Un autre virage qu’a pris Le Devoir est celui de la défense de la culture (…) Cela s’est fait au cours des années 1960 avec l’apparition de pages culturelles vouées à la création québécoise et qui, peu à peu, ont pris une telle importance que depuis deux décennies la culture et la politique sont les deux grandes lignes de force de notre journal (…) Il s’agit pour lui d’y participer par les moyens qui sont les siens. Ils sont simples: l’information, la réflexion et le débat d’idées. Le Devoir n’est pas dans l’action politique et il n’a pas à l’être. Son engagement est moral et intellectuel ».

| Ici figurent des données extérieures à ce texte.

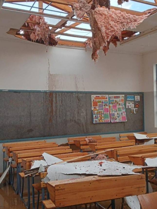 Die storm het glo oor die hele dorp gewoed, en minstens ses klaskamers van die skool is beskadig. Groot dele van die skool se dak is onder meer afgeruk.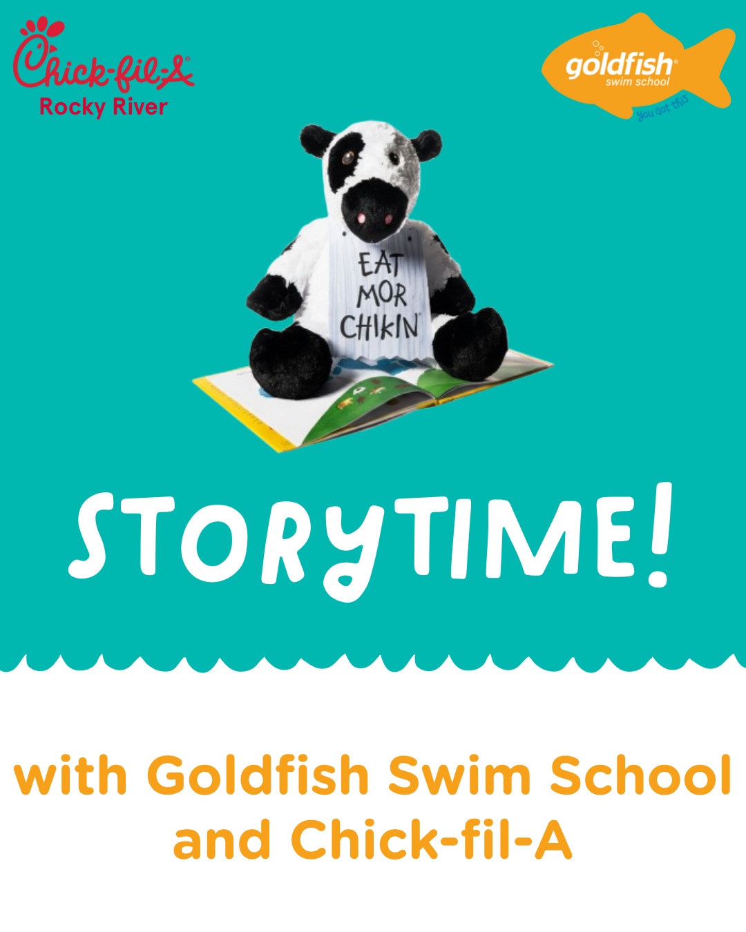 Twice a month enjoy a Storytime with Goldfish Swim School and Chick-fil-A.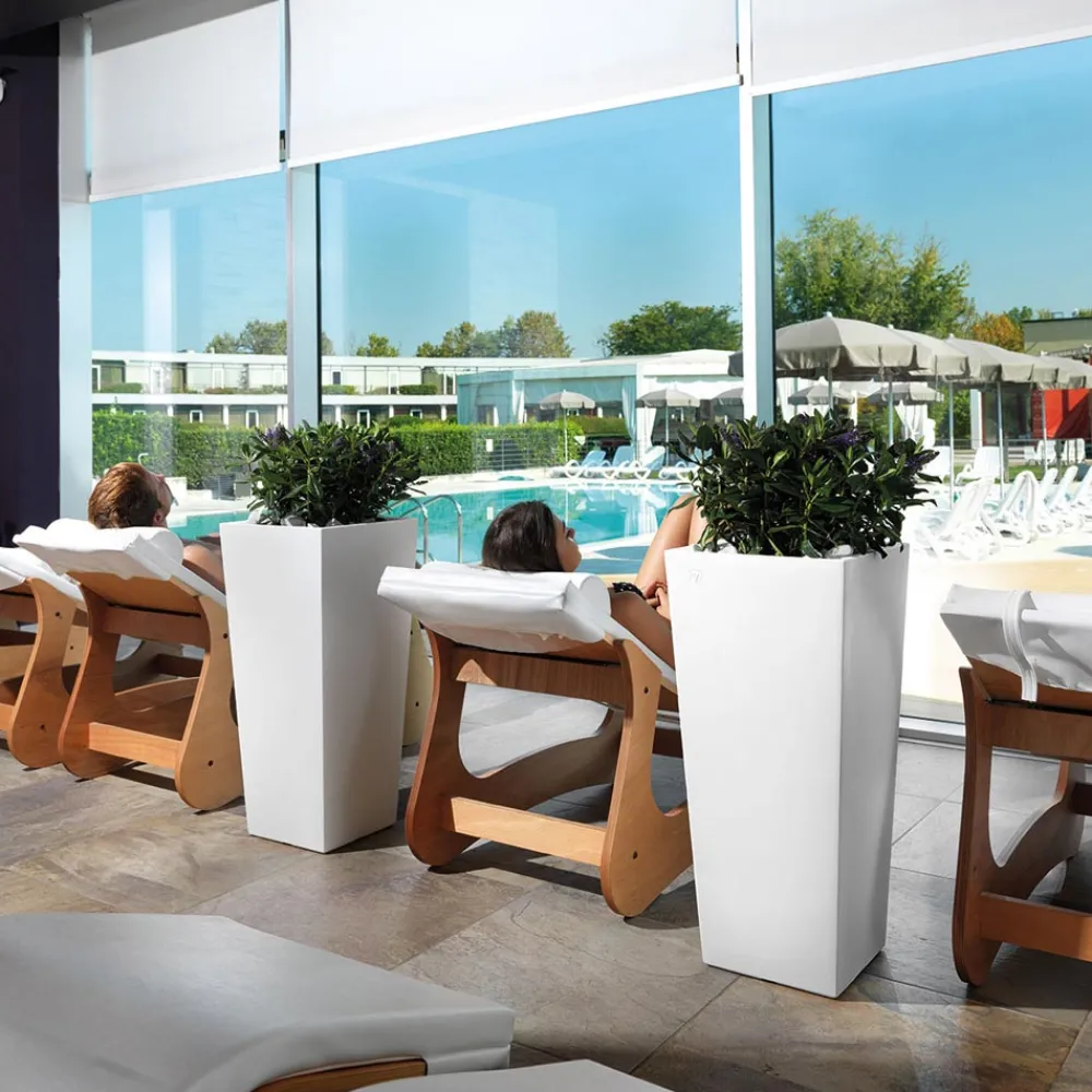 Quadratische Außenvase aus farbigem Polyethylen. Made in Italy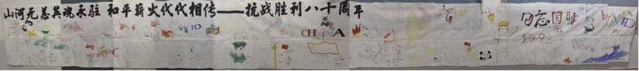 经过两小时精心创作,一幅融合历史沧桑与时代生机的巨画跃然呈现。画卷通过艺术手法,将破碎山河与盛世图景交织,展现战争与和平的时空对话。同学们用一幅长十米的集体画作致敬历史、传递和平信念,展现了青年一代的爱国情怀与艺术创造力。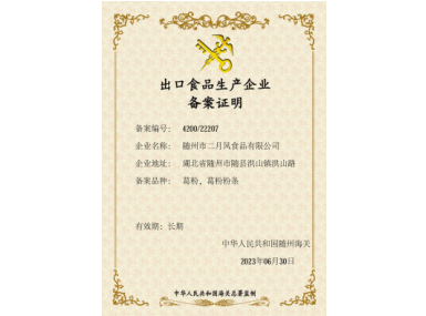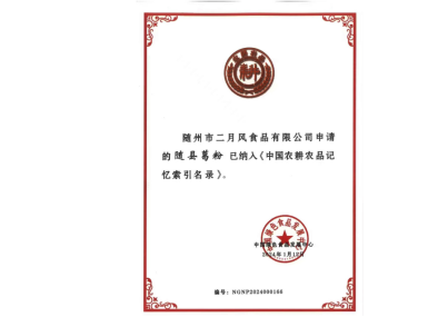農(nóng)耕農(nóng)品索引目錄證書(shū)-隨縣葛粉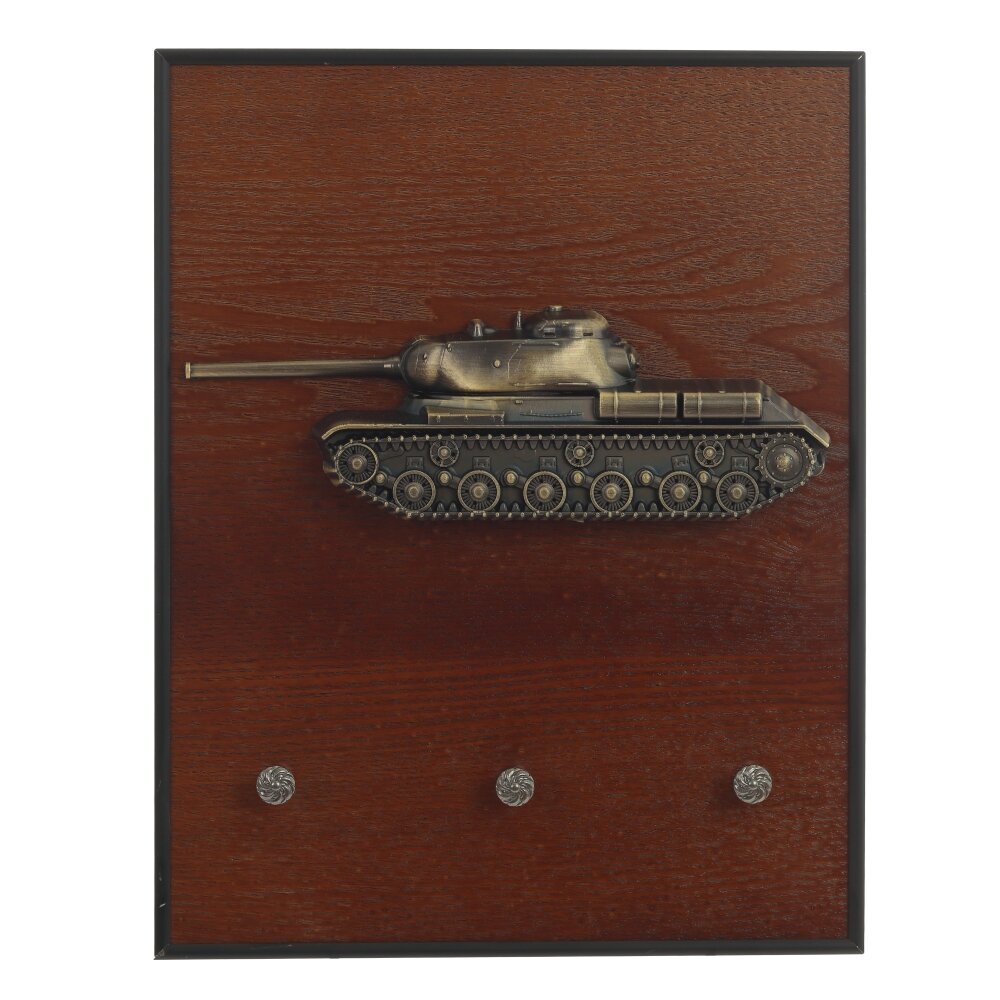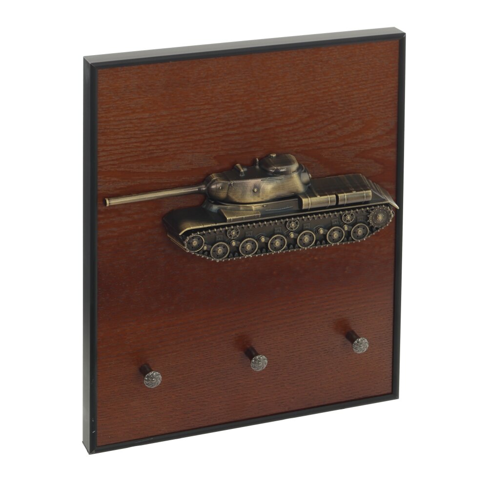 Ключница, l22 w3 h28 см. Материал: Дерево/Металл Ключница настенная с тремя крючками. Имеет в центре декор в виде танка. Простой и в то же время оригинальный внешний вид ключницы легко впишется в интерьер любых помещений. Вес, кг: 0. 872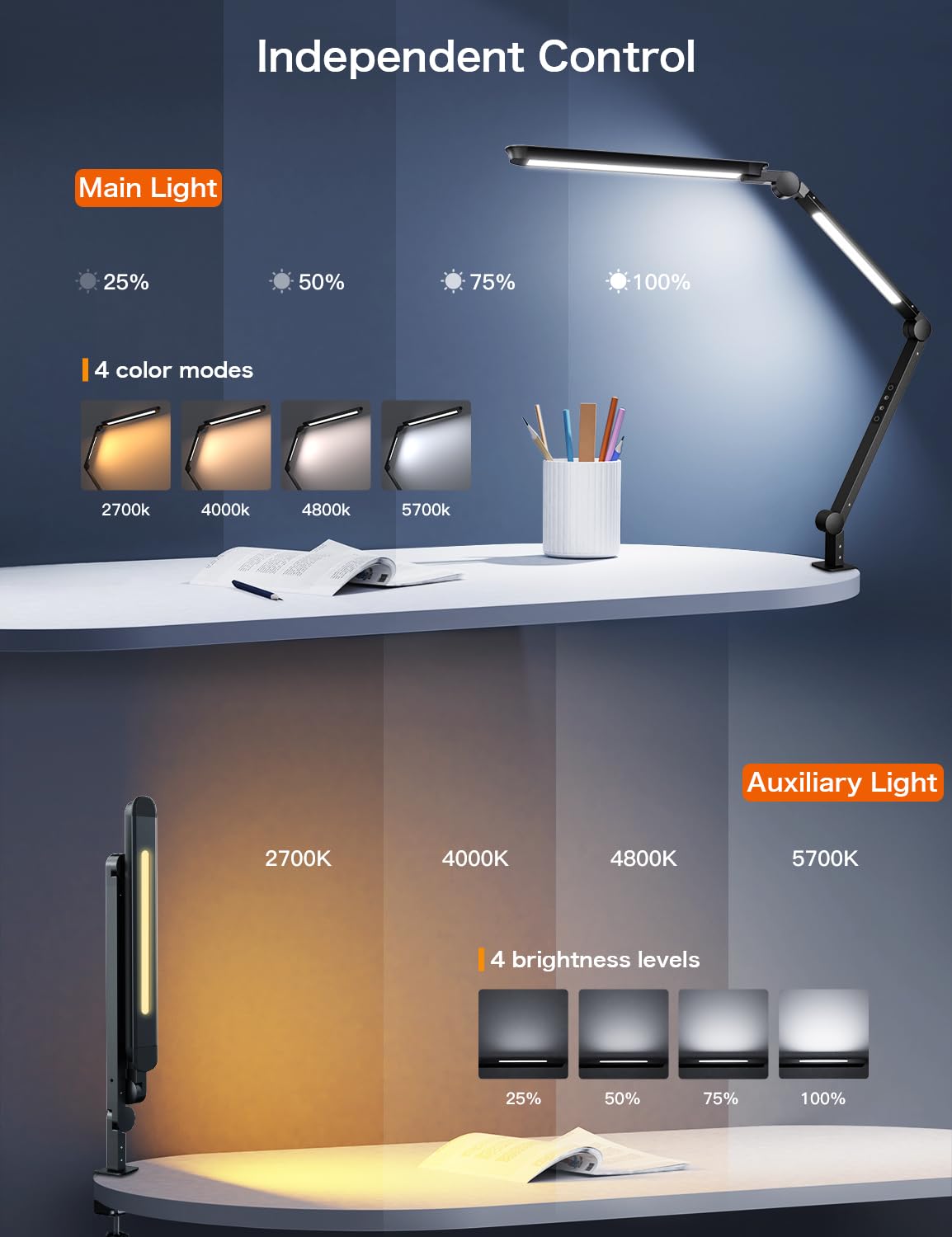 - Remote Control & Independent Control:The handy and flexible wireless remote control makes it easy to control the main and auxiliary lights independently. Both main and auxiliary lights have 4 dimmable levels (25%-50%-75%-100%) and 4 color temperatures (2700K-4000K-4800K-5700K). The clip on desk lamp has a memory function to remember your last brightness setting when you turn the lamp on and works with wall switches.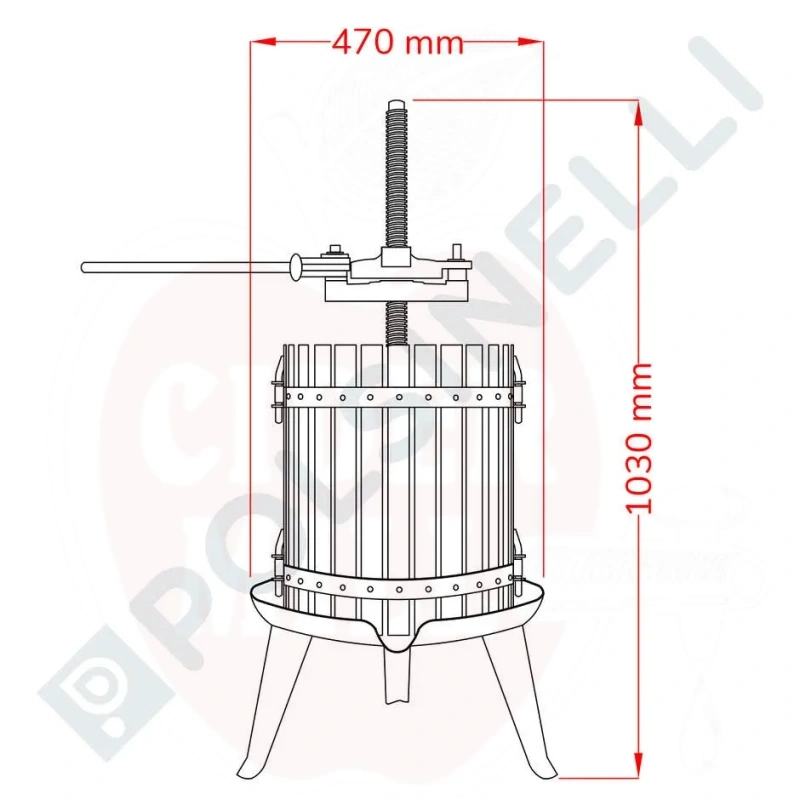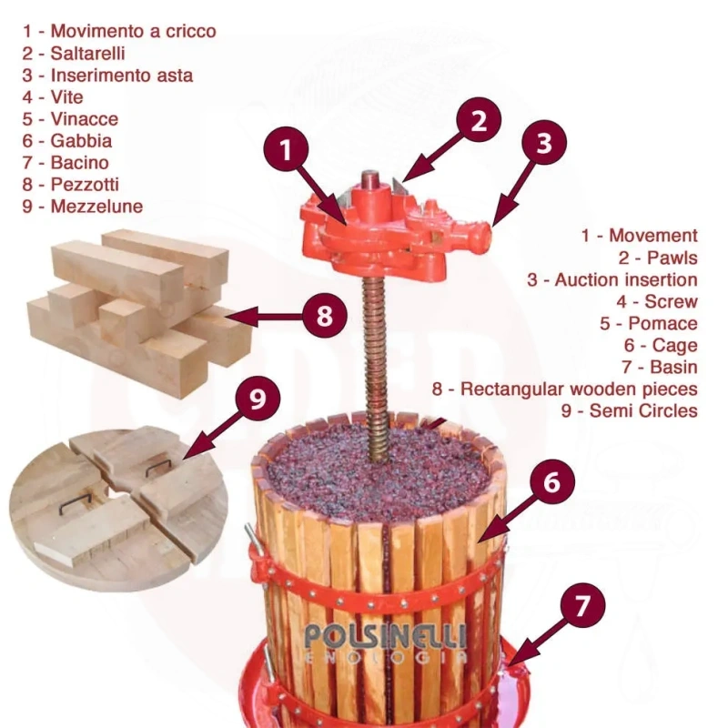 30 cm vipupuristin on poikkeuksellisen laadukas työkalu, joka on olennainen viininvalmistuksessa ja pystyy tehokkaasti uuttamaan mehun puristejäännöksestä tehokkaan vivun ansiosta. Kokonaan Italiassa valmistettu, se tarjoaa pientuottajille ja tiloille korkeimman standardin tuotteen. Se koostuu häkistä, jossa on puiset sauvat, halkaisija 30 cm ja kapasiteetti 50 kg rypäleitä. Häkkiä tukee vahva metallirunko, joka kestää myös korkeat paineet. Keskimmäinen ruuvi on valmistettu vedetystä teräksestä pitkäikäisyyden varmistamiseksi.

        Cet engagement peut parfois tenir en un mot tel l’éditorial de Lise Bissonnette du 9 juillet 1992. Imprimé en grasse dans un rectangle blanc son « NON » a frappé fort.

        Comme Henri Bourassa, Le Devoir tient à demeurer indépendant. « Désolé, mais la complaisance n’est pas le genre de la maison » note en 2010 un de ses rédacteurs Michel David.

        A l’époque de la « Grande Noirceur », le Premier Ministre Maurice Duplessis traite Le Devoir  de « canaille, putride, puant et cancéreux ». Bel hommage d’un tel personnage ! 

        Le Devoir est incontestablement un « journal de référence ». Dans un article intitulé « Cent ans plus tard » Denise Bombardier s’en réjouit « Chaque pays possède son journal de référence, celui qui a de l’influence sur ceux qui ont de l’influence, pour employer une formule simple ». Toutefois, elle déplore l’étiquette de « snob » accolé parfois aux lecteurs du Devoir. « Alors que l’on se croyait guéri de ces réflexes anti-intellectuels d’une autre époque, ils perdurent. En ce sens, la place du Devoir dans le Québec actuel nous éclaire sur l’état de la vie intellectuelle. Non pas que le journal soit sans défaut et sans faiblesse, mais il symbolise encore un désir de faire exister le débat d’idées sans démagogie et sans racolage. La rectitude politique est un piège difficile à contourner parfois, mais les points de vue divergents, voire opposés, exprimés par les collaborateurs parviennent à assurer un équilibre dont bénéficient les lecteurs ».